“这毒的解药在这个风纪珉手里,是吗。”闻遥眼神冷下来,当机立断:“我去杀了他,把解药带出来。然后带你去找王浮,他可以重新配出药。”
“遥遥。”
姜乔生看着她,忽而笑起来,抬手覆在闻遥手上慢慢与她掌心摩挲:“我中的毒名唤‘鬼灯一线’,是姜朝宫廷秘药,本作豢养死士之用。当初天水太祖荡平各路反贼杀进汴梁,姜朝皇室见无力回天以身殉国,这当是现为人所众知的说法。实则不然,姜朝皇室是被太宗屠戮殆尽,只余下旁支宗室封为侯爵堵住世人悠悠众口。”
可惜千算万算,太宗还是叫当时姜朝死士阁阁主狸猫换太子,携一年幼皇子出逃,为姜朝皇室留下了血脉。
这本是忠君之举,若是传出当为千古绝唱。死士阁阁主出逃汴梁创立红阁,收养孤儿日益壮大。至此红阁中二脉共存,姜朝皇室一脉名义上为主,死士阁阁主代代为长老。
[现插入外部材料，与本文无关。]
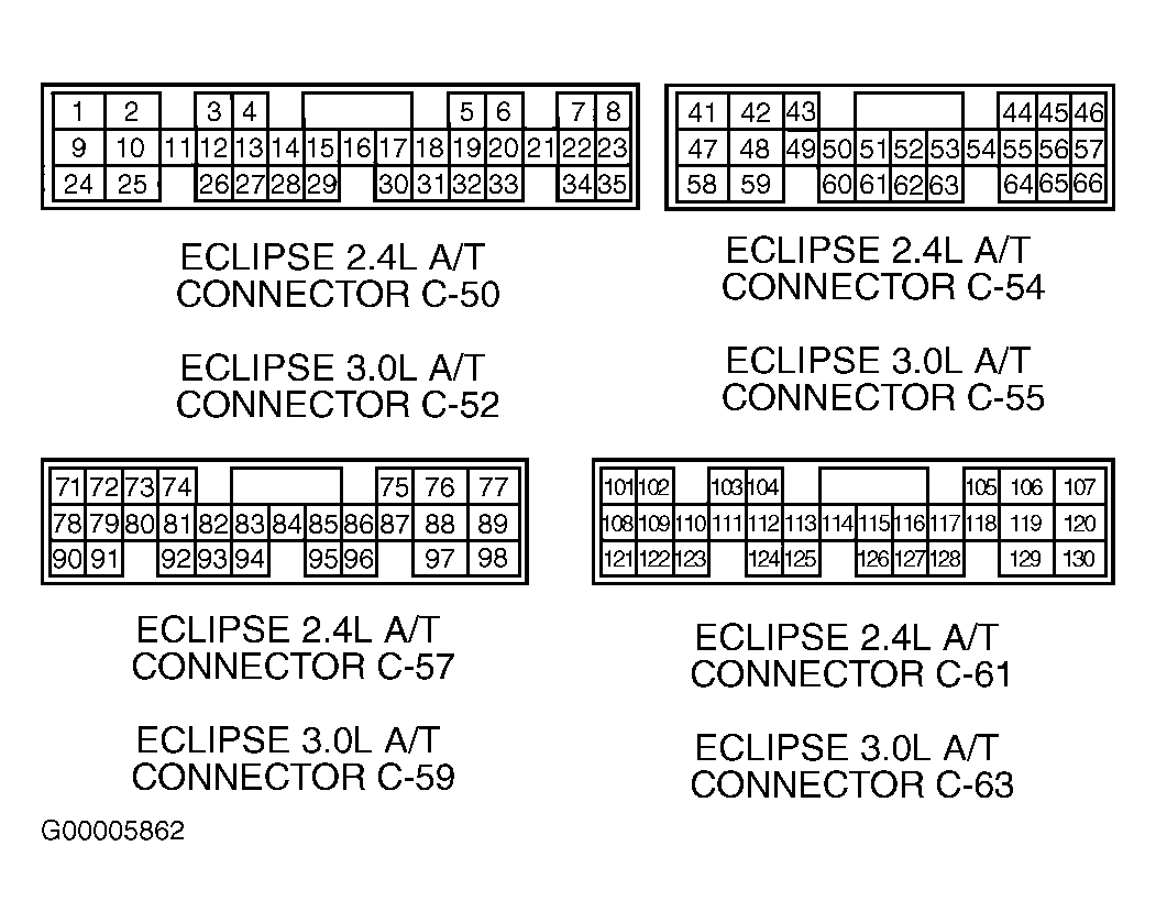 Fig 47: Identifying PCM Connector Terminals (Eclipse 2.4L A/T & 3.0L A/T)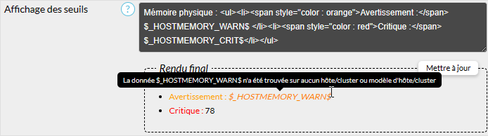 - Les données seront interprétées dans le "Rendu final" pour avoir la dynamique de configuration des seuils. ( voir la page Les Variables ( Remplacement dynamique de contenu - Anciennement les Macros ) )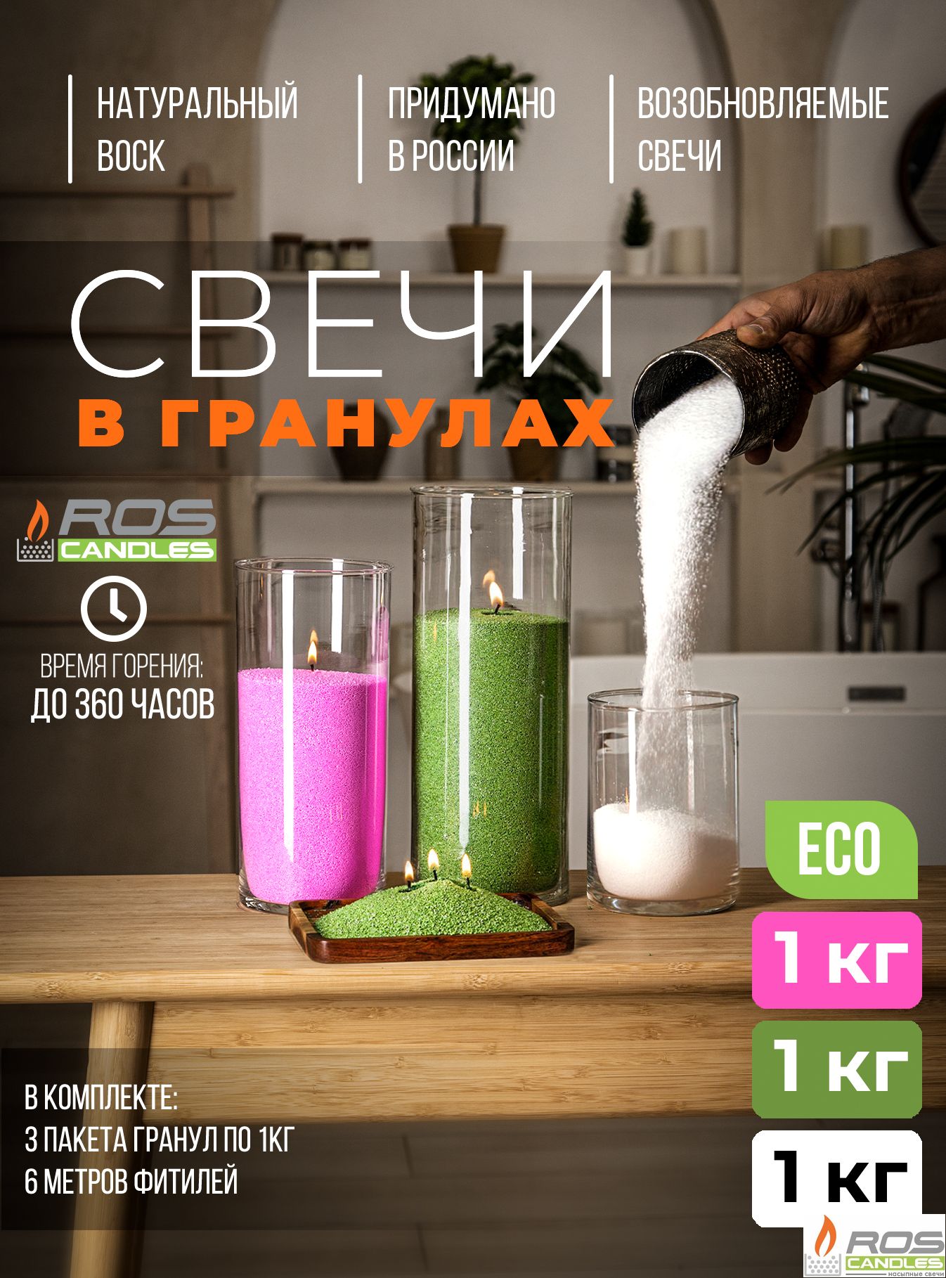 Насыпные свечи - это интерьерные свечи нового поколения из органических гранул размером 1-2мм, полученных из плодов масличной пальмы.

“老祖宗的规矩远了,早就不管用了。”姜乔生聊赖道:“阁主与长老早就开始争权夺势。侧卧之榻岂容他人安睡,我坐上这个位置,本打算立即杀掉风纪珉。可不知他打哪来的‘鬼灯一线‘’。这毒忒狠,药引里面最为关键的是控毒者的血。我若是想活,就不能杀他。”
姜乔生憋屈万分。
风纪珉年纪轻轻八百个心眼。杀人简单,不把人弄死加以控制却难上加难。
闻遥听到‘以血作引’后一惊,立即想到西南那群老毒虫。她眉头蹙起,思索一会儿后:“先把人打晕带走关起来,等王浮回来再说,总得试一试。你,你刺杀皇帝,是真的想要复国?”
“哦,当然不是。”姜乔生摇首:“红阁立身就打着复国的由头,每任红阁阁主都刺杀过皇帝。除却小部分我爹那样的疯子,大部分人都知道复国是痴心妄想,只是意思意思表个态度,没用红阁旗号罢了。”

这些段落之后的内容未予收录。